A-Maze
Topic content
There is a map in Dongdong. I want to find Meizhi through the map. The map shows that 0 means you can walk, 1 means you can't walk, the upper left corner is the entrance, and the lower right corner is Meizhi. These two positions are guaranteed to be 0. Now that you know the map, it's not difficult for Dongdong to find Meizhi. Please make a program to write the shortest route for Dongdong to find Meizhi.
Input format
The input is a 5 × 5 two-dimensional array, which only consists of 0 and 1 numbers, representing the normal map.
Output format
Output several lines to represent the coordinates of the shortest path from the upper left corner to the lower right corner in turn, with the format shown in the example. Data guarantees a unique solution.
Example
input
0 1 0 0 0
0 1 0 1 0
0 1 0 1 0
0 0 0 1 0
0 1 0 1 0
output
(0, 0)
(1, 0)
(2, 0)
(3, 0)
(3, 1)
(3, 2)
(2, 2)
(1, 2)
(0, 2)
(0, 3)
(0, 4)
(1, 4)
(2, 4)
(3, 4)
(4, 4)
Remarks
The coordinate (x, y) indicates the row X and column y, the number of which starts from 0 and takes the upper left corner as the origin.
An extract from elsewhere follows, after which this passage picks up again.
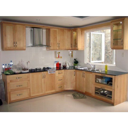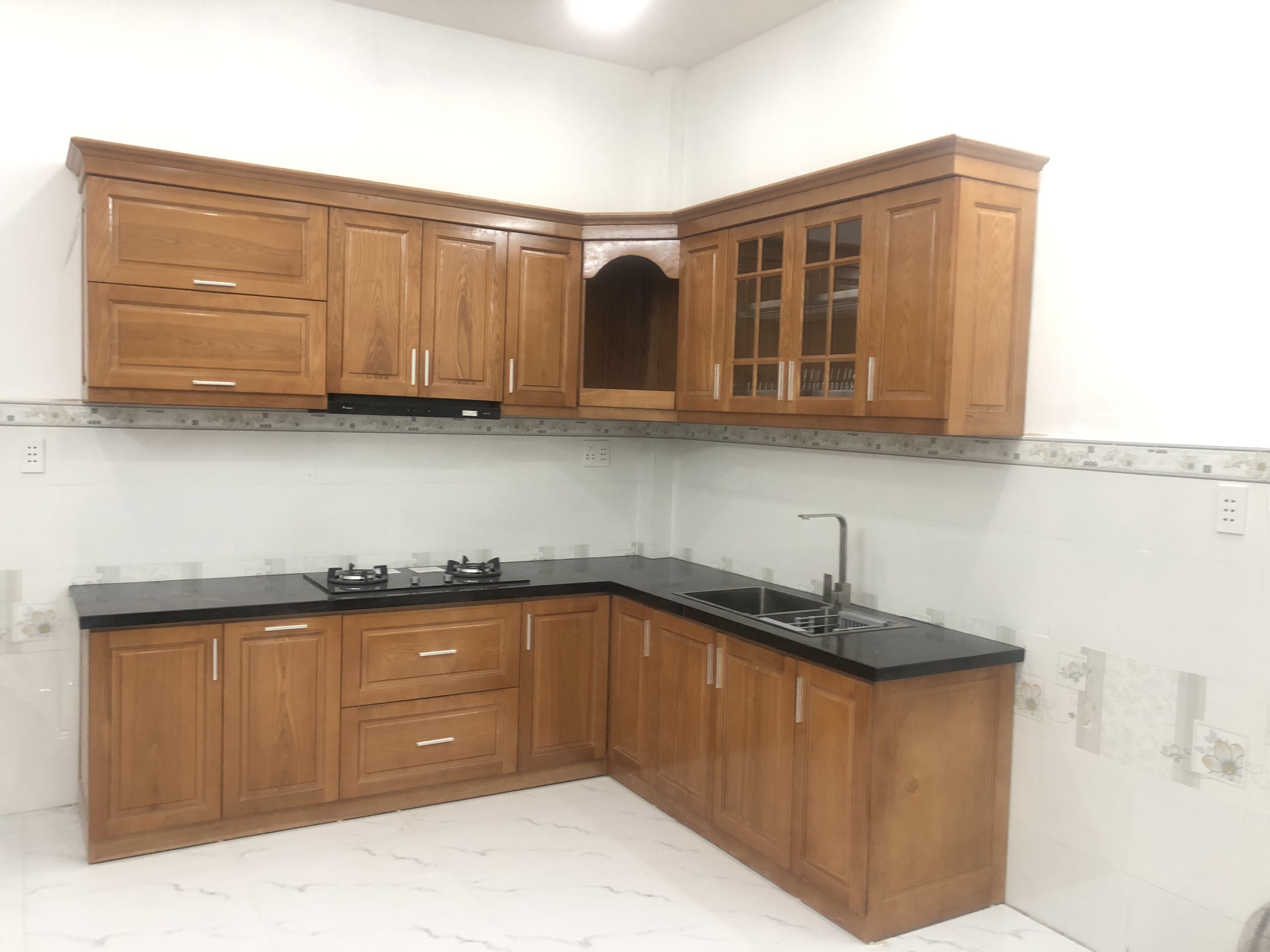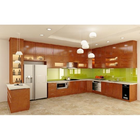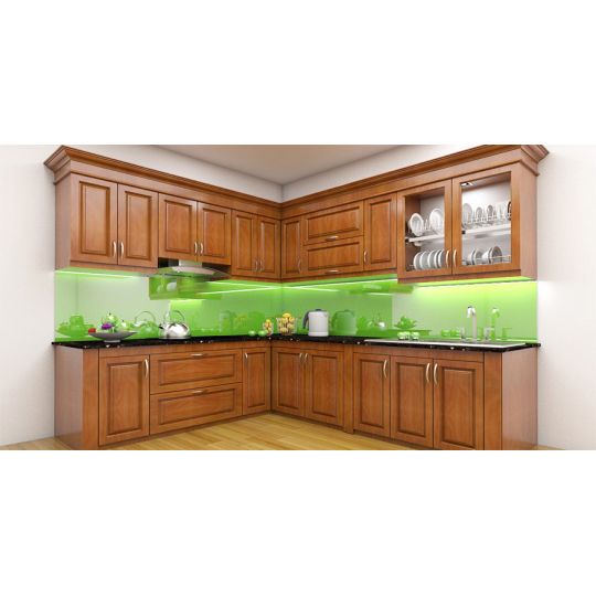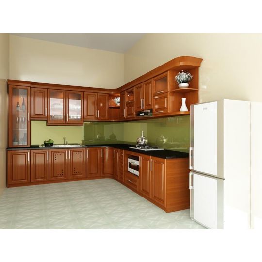 - Tủ bếp cao cấp gỗ xoan đào chữ L

Also note that there should be a space after the comma separating the coordinates in the output.
Solving problems
In the classic Maze problem, at first glance, Maze is really regarded as "sister paper". The idea is bfs, which records the parent point of the point when traversing to a certain point, so as to use it as the final output.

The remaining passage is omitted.